On Sept. 14, 1847, U.S. forces under Gen. Winfield Scott took control of Mexico City.
In 1901 President William McKinley died in Buffalo of gunshot wounds inflicted by an assassin. (Vice President Theodore Roosevelt succeeded him.)
In 1940 Congress passed the Selective Service Act, providing for the first peacetime draft in U.S. history.
In 1959 the Soviet space probe Luna 2 became the first manmade object to reach the moon.
In 1963 Mary Ann Fischer of Aberdeen, S.D., gave birth to the first surviving quintuplets in the United States.
In 1991 the government of South Africa, the African National Congress and the Inkatha Freedom Party signed a national peace pact.
In 1993 Israel and Jordan signed a framework for negotiations, a day after the signing of a PLO-Israeli peace accord.
In 1996 Bosnians went to the polls in their first national elections since the 3 1/2 -year civil war that had ravaged the Balkan republic.

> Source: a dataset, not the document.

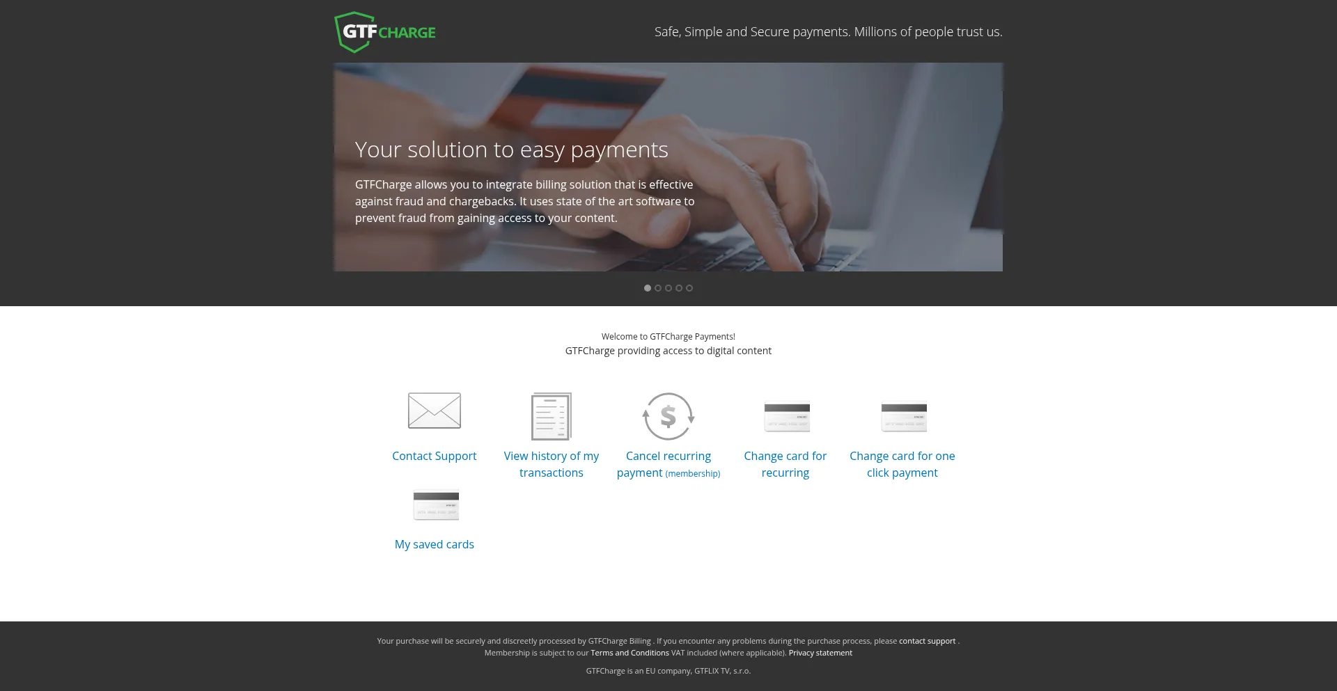GTFCharge allows you to integrate billing solution that is effective against fraud and chargebacks.

In 1998 10 people were charged in what prosecutors said was the largest Cuban spy ring uncovered in the United States since Fidel Castro came to power.

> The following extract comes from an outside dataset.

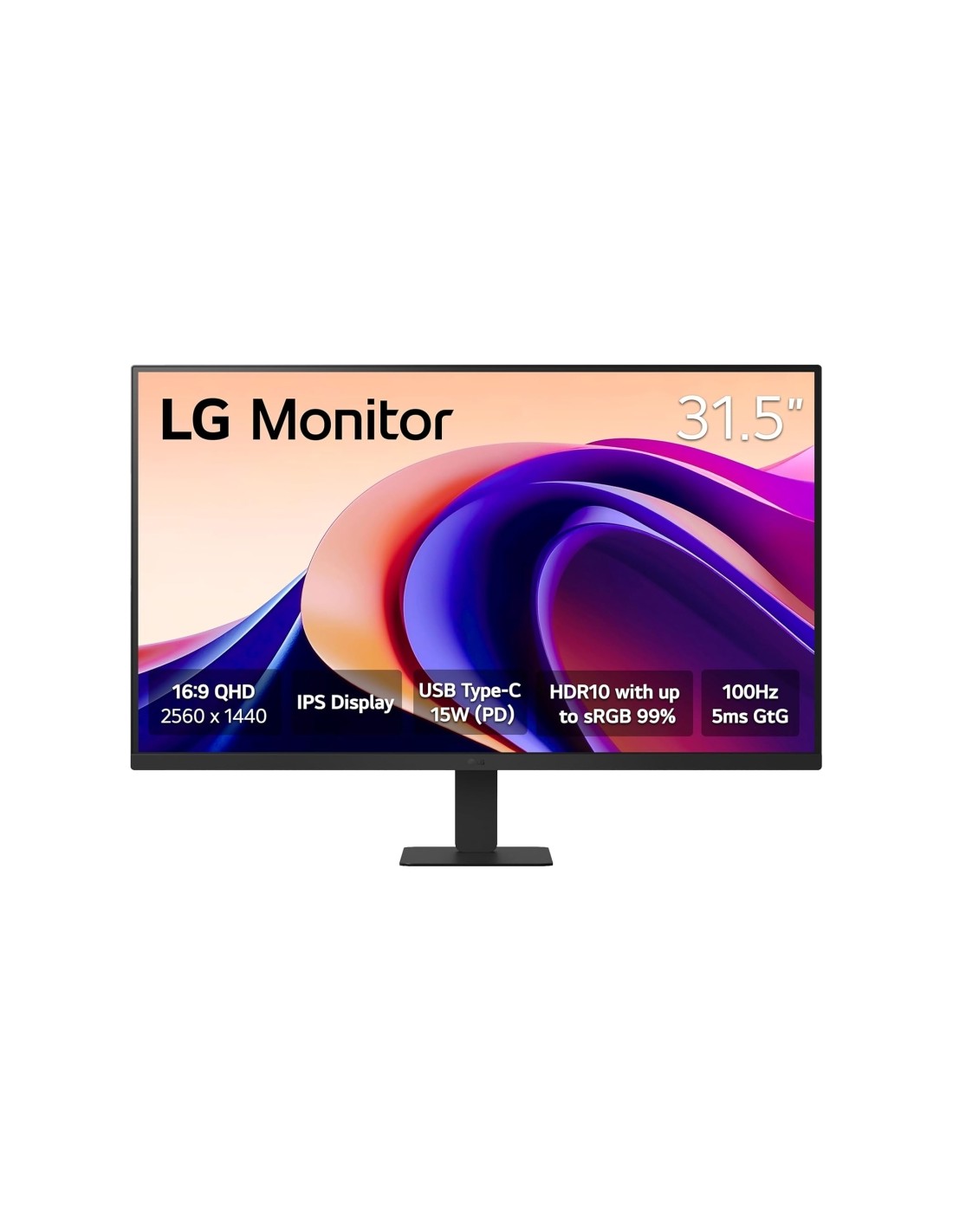 LG Monitor LED 31.5" IPS QHD HDR10 100Hz - Respuesta 5ms - Angulo de Vision 178-- 16 9 - HDMI-USB-C - VESA 100x100mm

In 1999 Indonesian soldiers looted the abandoned UN mission in East Timor, just hours after 110 UN personnel and 1,300 East Timorese were evacuated and flown to safety to end a 10-day siege.

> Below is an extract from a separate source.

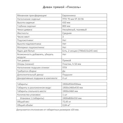 Диван Пиксель (Аквилон) – товар доступен к покупке в интернет-магазине orenburgskiy-dommebeli.ru. Цена – 30 317 руб. без учета доставки. Стоимость дополнительных услуг и сроки получения мебели уточняйте у менеджера. Возможен безналичный расчет, оплата по карте на сайте.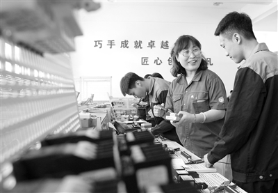 6月13日,秦皇島工業職業技術學院的老師(右二)在實訓室指導電工專業學生練習接線。近年來,該校以促進就業為導向,通過引企入校、引校進企、產學聯動等方式與企業對接開設“人才訂單班”,雙方在人才培養等多方面開展合作。

In 2002 President George W. Bush said the United States was willing to take Iraq on alone if the United Nations failed to “show some backbone” by confronting Saddam Hussein.
In 2003 Swedes rejected adopting the European common currency, the euro, in a referendum overshadowed by the killing of Foreign Minister Anna Lindh, an ardent euro supporter.